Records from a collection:

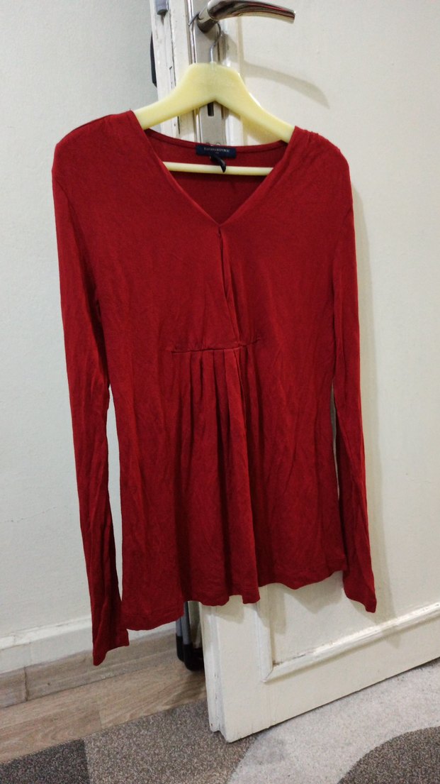 Kırmızı, V yakalı, pile detaylı uzun kollu hamile bluzu. Yumuşak keten kumaştan, bol kesim ve normal midi boyda, günlük kullanım için uygundur.
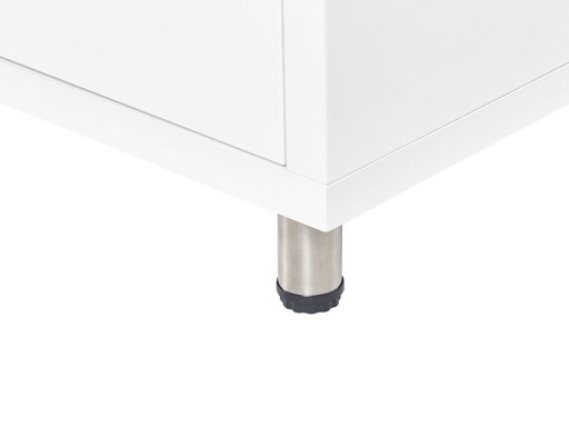 Ta szafka pod telewizor w stylu Skandynawskim to mebel, którego potrzebuje każdy salon. Zapewnia dużo miejsca na wszystkie drobiazgi i urządzenia elektroniczne. Wykorzystaj miejsce na otwartych półkach na rzeczy, które wymagają podłączenia do gniazdka, a wszystkie inne przedmioty przechowaj w jednej z dwóch szafek lub szuflad. Szafka posiada białe fronty o wysokim połysku oraz srebrne nogi, które nadają jej stylowego, nowoczesnego wyglądu.
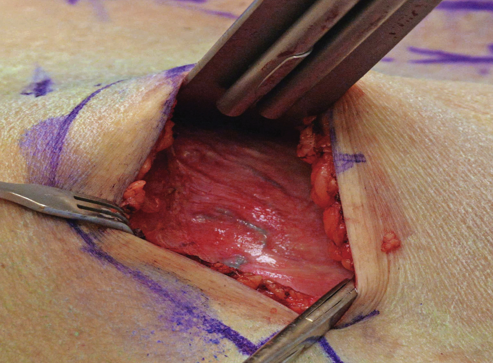 • For patients with larger breasts or combined breast/implant volume, prior history of significant weight loss or more than 2 cm of pocket width, I perform a posterior capsular flap with reinforcement.
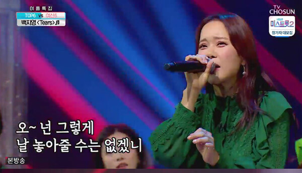 백지영은 6일 방송된 TV조선 ‘신청곡을 불러드립니다 - 사랑의 콜센타’에서 소찬휘의 ‘Tears’로 2차전 대결을 펼쳤다.
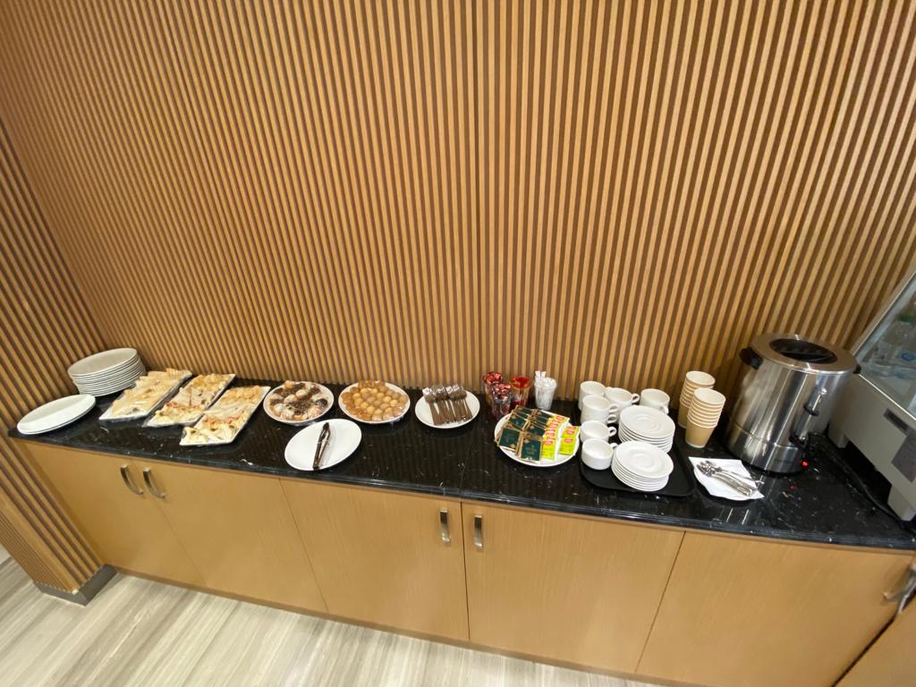 قاعة اجتماعات مجهزة بوسائل عرض وماكينة طباعة و واي فاي سريع ويتوفر بها المشروبات الساخنه والباردة
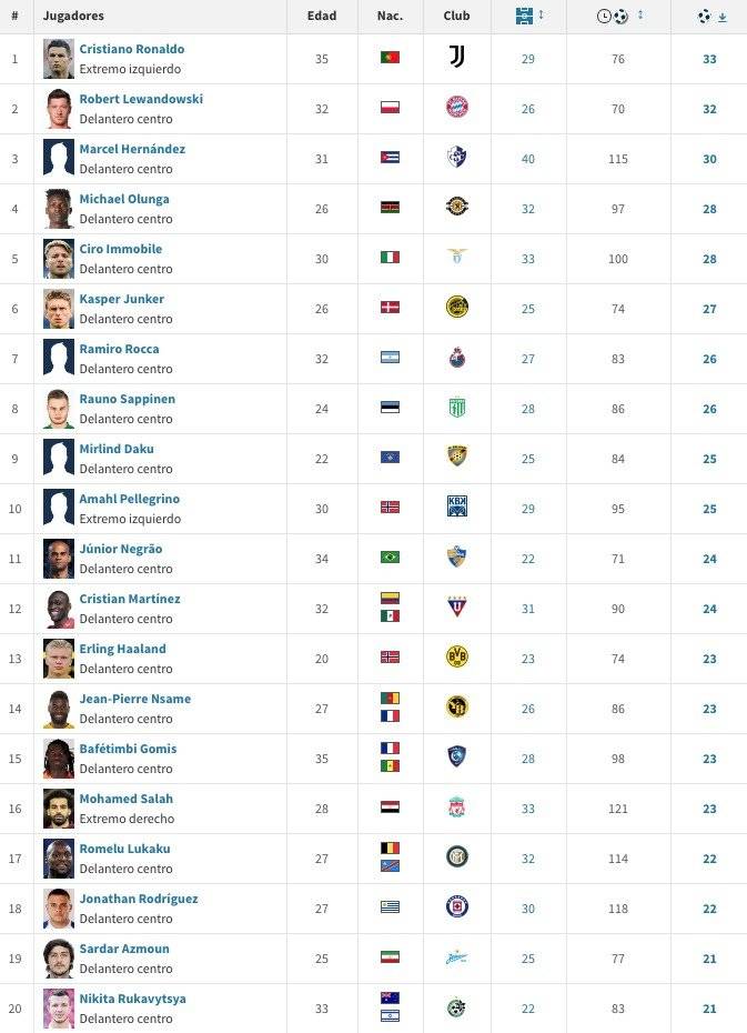 IMAGEN Alta clasificación de Cristian Martínez Borja entre los goleadores del 2020 en el mundo
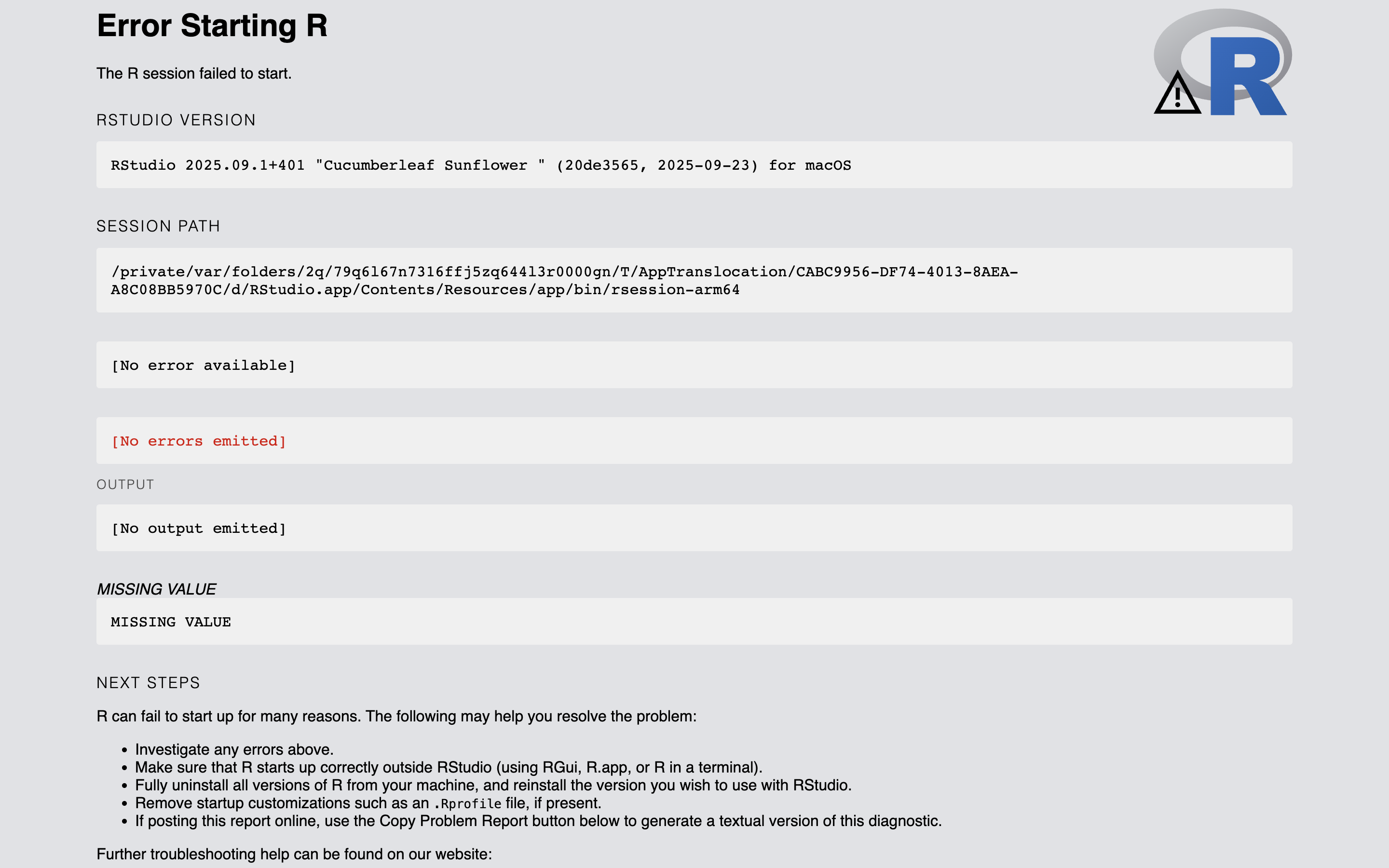 I’m having trouble opening RStudio on my MacBook Air. Every time I try to launch it, I get an error message saying the “R session failed to start” or something about a path mismatch.
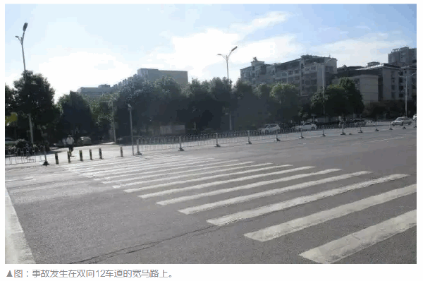 我们先来看一个不久前发生在宽马路斑马线上的事故:2017年8月17日20时,在衡阳南华大学西门附近,一对母子在过马路时被一辆涉嫌超速的小车撞飞十多米,造成儿子离世,母亲重伤。据报道,遇难者刘某刚刚领到大学入学通知书,希望提前感受大学校园气氛,于是在母亲的陪同下参观了校园,然而在回程路上不幸发生事故。事故发生地的斑马线位于双向12车道的宽马路上,且该路口没有设置过街信号灯。另据交警介绍,这一路段限速40km/h,但因路况较好,多数车辆存在超速行为,之前已发生多起交通事故。
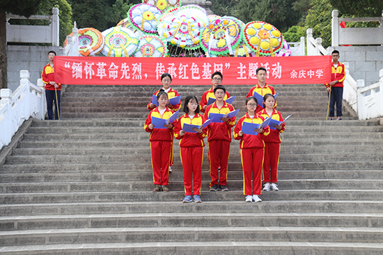 在红军烈士纪念碑前,学生代表为英勇献身的革命烈士敬献花圈,参加活动的所有人员鞠躬默哀,寄托哀思。随后,同学们重温了入团誓词,学生代表表演了诗朗诵《在纪念碑前》,余庆中学党支部书记李兴平向大家介绍了红六军团、红一.九军团、红二六军团“三过余庆”的英勇事迹。
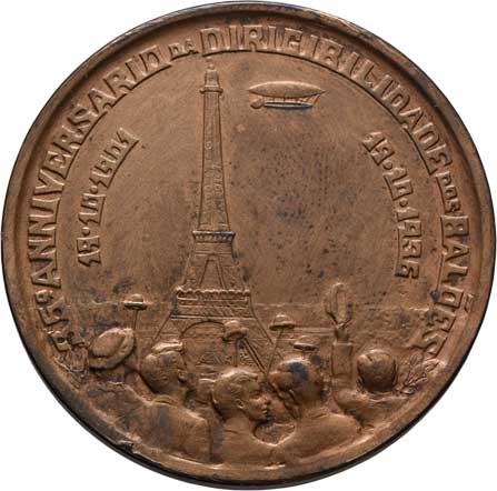 úspěšného letu v Paříži 1901/1936 - poprsí zleva, písmo, vzducholoď u Eiffelovky, Sign.HP, bronz 40 mm |
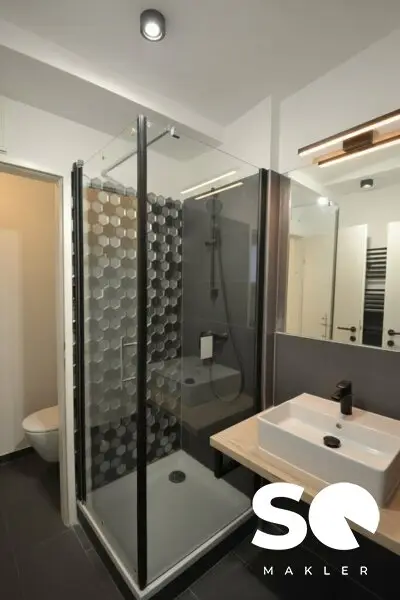 Bad (mit Dusche, Waschbecken und Handtuchheizkörper)
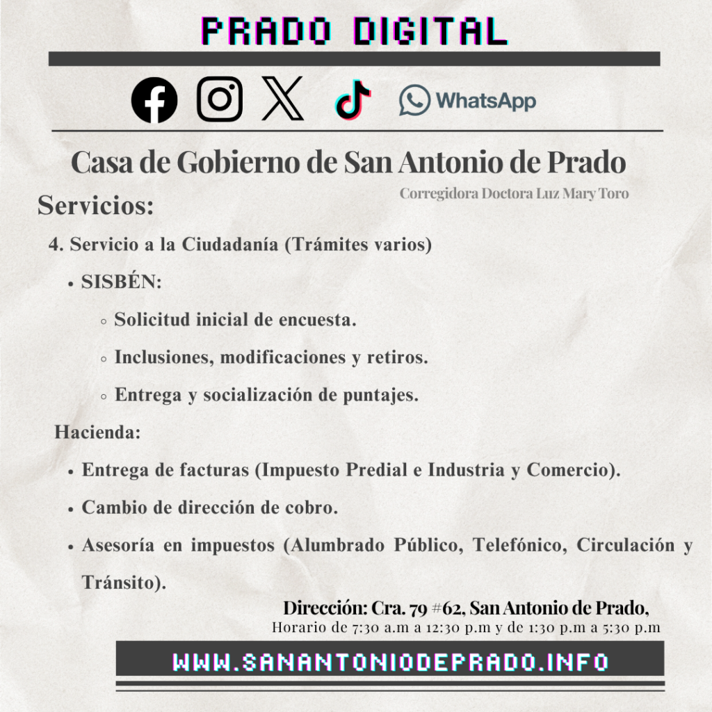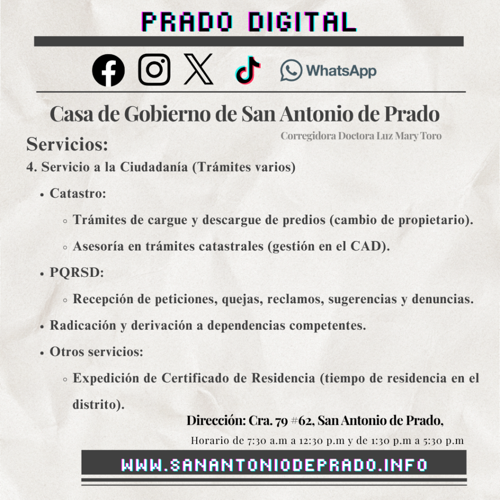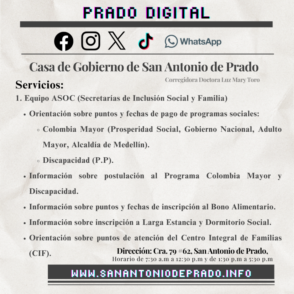 Llamado a la Acción Si vive en San Antonio de Prado , acérquese a la Casa de Gobierno y conozca todos los servicios que puede gestionar cerca de su casa. No espere a necesitarlos urgentemente: la información oportuna evita trámites largos y protege sus derechos.
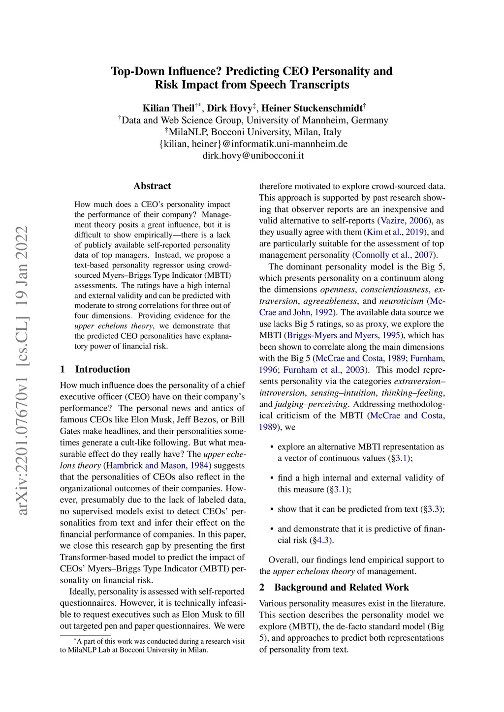 How much does a CEO's personality impact the performance of their company? Management theory posits a great influence, but it is difficult to show empirically -- there is a lack of publicly available self-reported personality data of top managers. Instead, we propose a text-based personality regressor using crowd-sourced Myers--Briggs Type Indicator (MBTI) assessments. The ratings have a high internal and external validity and can be predicted with moderate to strong correlations for three out of four dimensions. Providing evidence for the upper echelons theory, we demonstrate that the predicted CEO personalities have explanatory power of financial risk.

*WHAT THE TASK REQUIRES:* Your reply should be the full data above, copied exactly, with no pictures in it.

*REPLY:*
 Kırmızı, V yakalı, pile detaylı uzun kollu hamile bluzu. Yumuşak keten kumaştan, bol kesim ve normal midi boyda, günlük kullanım için uygundur.
 Ta szafka pod telewizor w stylu Skandynawskim to mebel, którego potrzebuje każdy salon. Zapewnia dużo miejsca na wszystkie drobiazgi i urządzenia elektroniczne. Wykorzystaj miejsce na otwartych półkach na rzeczy, które wymagają podłączenia do gniazdka, a wszystkie inne przedmioty przechowaj w jednej z dwóch szafek lub szuflad. Szafka posiada białe fronty o wysokim połysku oraz srebrne nogi, które nadają jej stylowego, nowoczesnego wyglądu.
 • For patients with larger breasts or combined breast/implant volume, prior history of significant weight loss or more than 2 cm of pocket width, I perform a posterior capsular flap with reinforcement.
 백지영은 6일 방송된 TV조선 ‘신청곡을 불러드립니다 - 사랑의 콜센타’에서 소찬휘의 ‘Tears’로 2차전 대결을 펼쳤다.
 قاعة اجتماعات مجهزة بوسائل عرض وماكينة طباعة و واي فاي سريع ويتوفر بها المشروبات الساخنه والباردة
 IMAGEN Alta clasificación de Cristian Martínez Borja entre los goleadores del 2020 en el mundo
 I’m having trouble opening RStudio on my MacBook Air. Every time I try to launch it, I get an error message saying the “R session failed to start” or something about a path mismatch.
 我们先来看一个不久前发生在宽马路斑马线上的事故:2017年8月17日20时,在衡阳南华大学西门附近,一对母子在过马路时被一辆涉嫌超速的小车撞飞十多米,造成儿子离世,母亲重伤。据报道,遇难者刘某刚刚领到大学入学通知书,希望提前感受大学校园气氛,于是在母亲的陪同下参观了校园,然而在回程路上不幸发生事故。事故发生地的斑马线位于双向12车道的宽马路上,且该路口没有设置过街信号灯。另据交警介绍,这一路段限速40km/h,但因路况较好,多数车辆存在超速行为,之前已发生多起交通事故。
 在红军烈士纪念碑前,学生代表为英勇献身的革命烈士敬献花圈,参加活动的所有人员鞠躬默哀,寄托哀思。随后,同学们重温了入团誓词,学生代表表演了诗朗诵《在纪念碑前》,余庆中学党支部书记李兴平向大家介绍了红六军团、红一.九军团、红二六军团“三过余庆”的英勇事迹。
 úspěšného letu v Paříži 1901/1936 - poprsí zleva, písmo, vzducholoď u Eiffelovky, Sign.HP, bronz 40 mm |
 Bad (mit Dusche, Waschbecken und Handtuchheizkörper)
 Llamado a la Acción Si vive en San Antonio de Prado , acérquese a la Casa de Gobierno y conozca todos los servicios que puede gestionar cerca de su casa. No espere a necesitarlos urgentemente: la información oportuna evita trámites largos y protege sus derechos.
 How much does a CEO's personality impact the performance of their company? Management theory posits a great influence, but it is difficult to show empirically -- there is a lack of publicly available self-reported personality data of top managers. Instead, we propose a text-based personality regressor using crowd-sourced Myers--Briggs Type Indicator (MBTI) assessments. The ratings have a high internal and external validity and can be predicted with moderate to strong correlations for three out of four dimensions. Providing evidence for the upper echelons theory, we demonstrate that the predicted CEO personalities have explanatory power of financial risk.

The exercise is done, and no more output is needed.